» **Task goal**: Find the line with "Bytová jednotka má" in the records below. Output exactly from there until after the line with "- Геометрические размеры", without pictures.

» **Material for this exercise**:
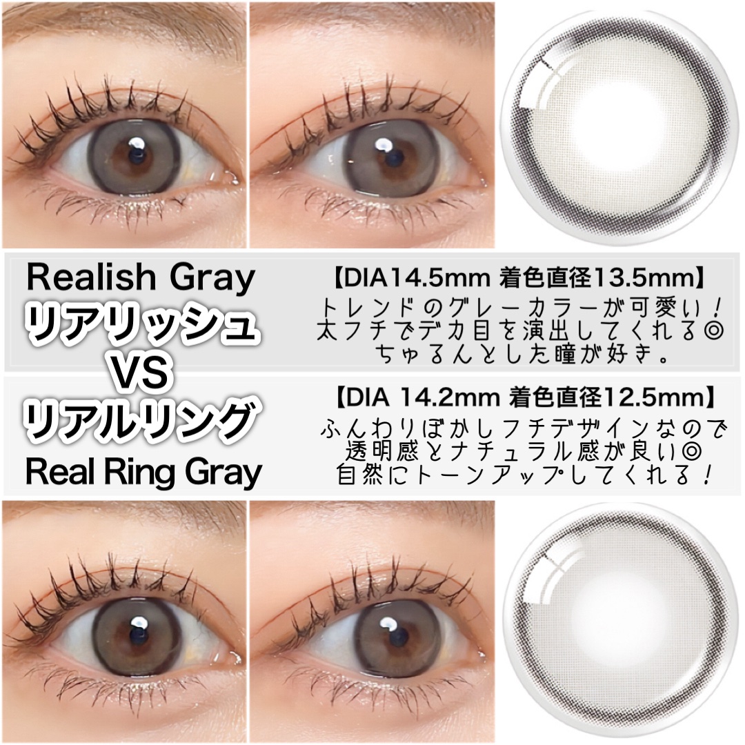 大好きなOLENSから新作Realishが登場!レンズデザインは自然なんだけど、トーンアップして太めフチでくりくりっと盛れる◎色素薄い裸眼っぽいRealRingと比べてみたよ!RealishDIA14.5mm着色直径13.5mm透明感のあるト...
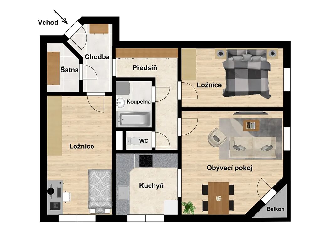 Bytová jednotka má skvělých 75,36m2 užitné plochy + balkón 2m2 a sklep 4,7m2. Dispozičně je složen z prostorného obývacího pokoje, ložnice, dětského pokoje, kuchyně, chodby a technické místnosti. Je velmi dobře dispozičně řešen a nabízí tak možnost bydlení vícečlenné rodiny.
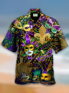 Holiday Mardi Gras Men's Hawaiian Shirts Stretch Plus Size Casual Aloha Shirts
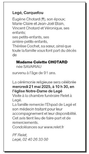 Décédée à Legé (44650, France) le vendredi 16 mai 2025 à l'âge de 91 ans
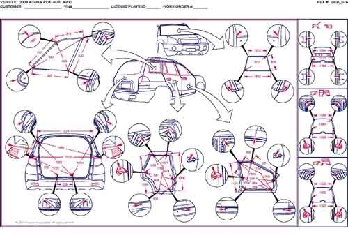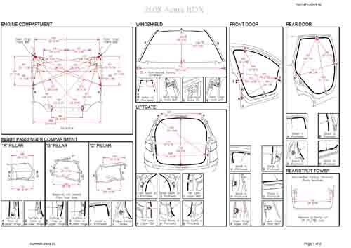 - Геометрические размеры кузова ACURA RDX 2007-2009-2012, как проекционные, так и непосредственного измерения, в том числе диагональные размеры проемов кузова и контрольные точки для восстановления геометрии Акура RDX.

--

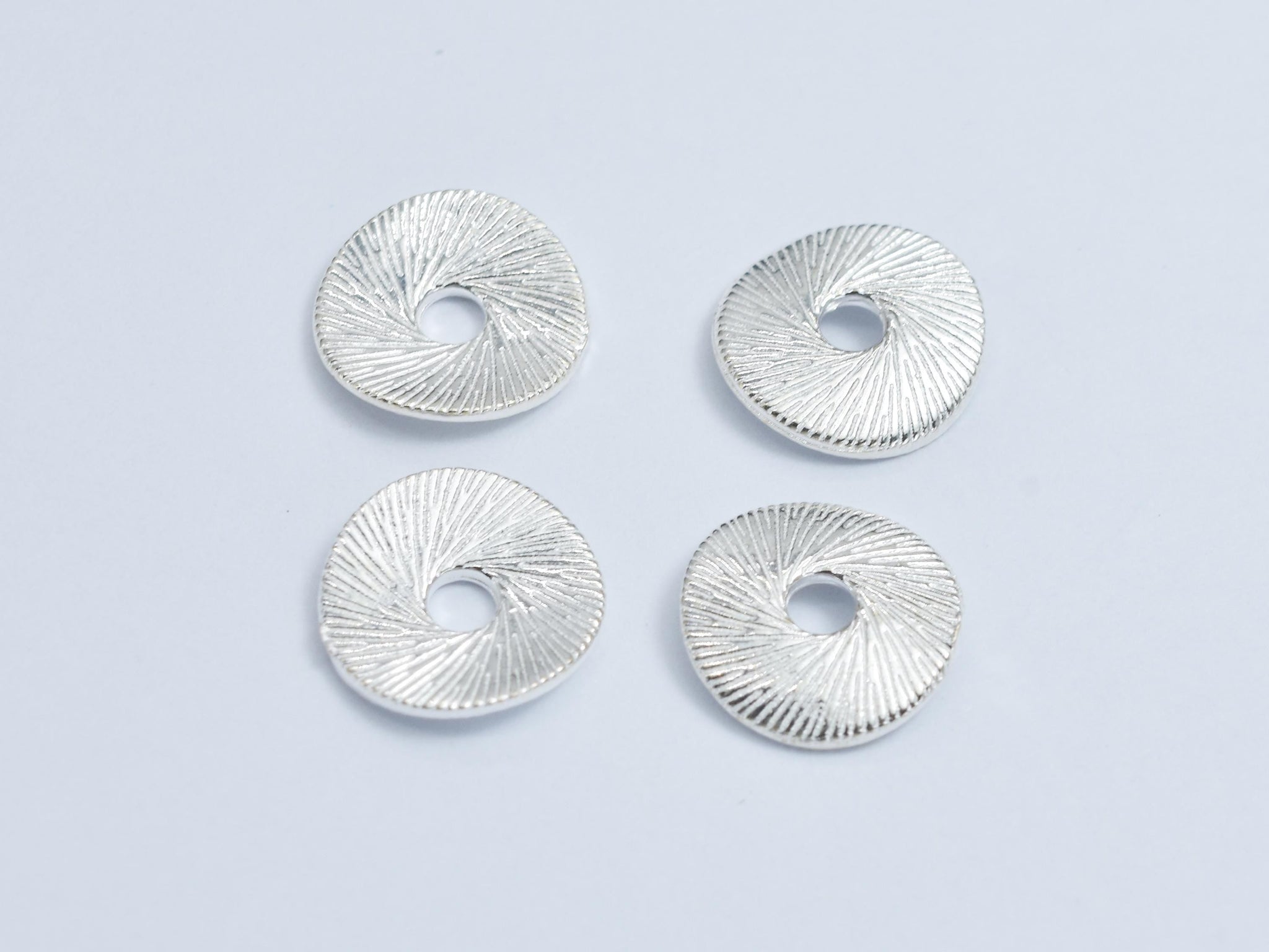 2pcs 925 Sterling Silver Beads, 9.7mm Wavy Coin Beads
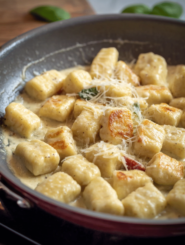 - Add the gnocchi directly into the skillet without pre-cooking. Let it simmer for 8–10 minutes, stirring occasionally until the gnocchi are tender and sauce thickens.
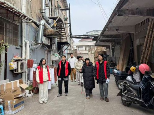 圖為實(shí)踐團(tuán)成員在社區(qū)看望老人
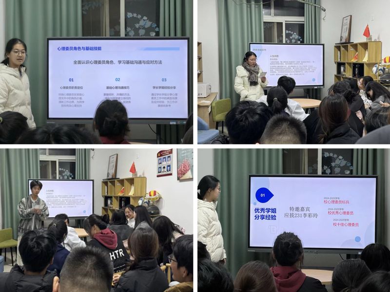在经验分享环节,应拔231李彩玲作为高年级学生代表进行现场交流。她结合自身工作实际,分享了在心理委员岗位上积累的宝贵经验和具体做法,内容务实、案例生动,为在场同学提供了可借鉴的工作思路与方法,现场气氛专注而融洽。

---

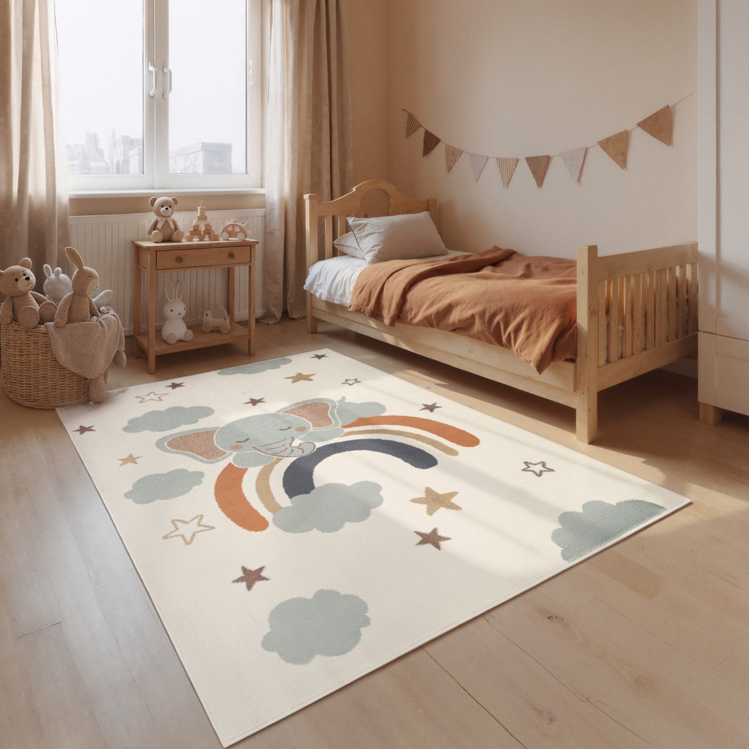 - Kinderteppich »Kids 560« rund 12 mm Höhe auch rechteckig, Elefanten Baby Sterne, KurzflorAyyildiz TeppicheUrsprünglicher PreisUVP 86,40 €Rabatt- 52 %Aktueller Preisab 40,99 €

» **Response to the exercise**:
 Bytová jednotka má skvělých 75,36m2 užitné plochy + balkón 2m2 a sklep 4,7m2. Dispozičně je složen z prostorného obývacího pokoje, ložnice, dětského pokoje, kuchyně, chodby a technické místnosti. Je velmi dobře dispozičně řešen a nabízí tak možnost bydlení vícečlenné rodiny.
 Holiday Mardi Gras Men's Hawaiian Shirts Stretch Plus Size Casual Aloha Shirts
 Décédée à Legé (44650, France) le vendredi 16 mai 2025 à l'âge de 91 ans
 - Геометрические размеры кузова ACURA RDX 2007-2009-2012, как проекционные, так и непосредственного измерения, в том числе диагональные размеры проемов кузова и контрольные точки для восстановления геометрии Акура RDX.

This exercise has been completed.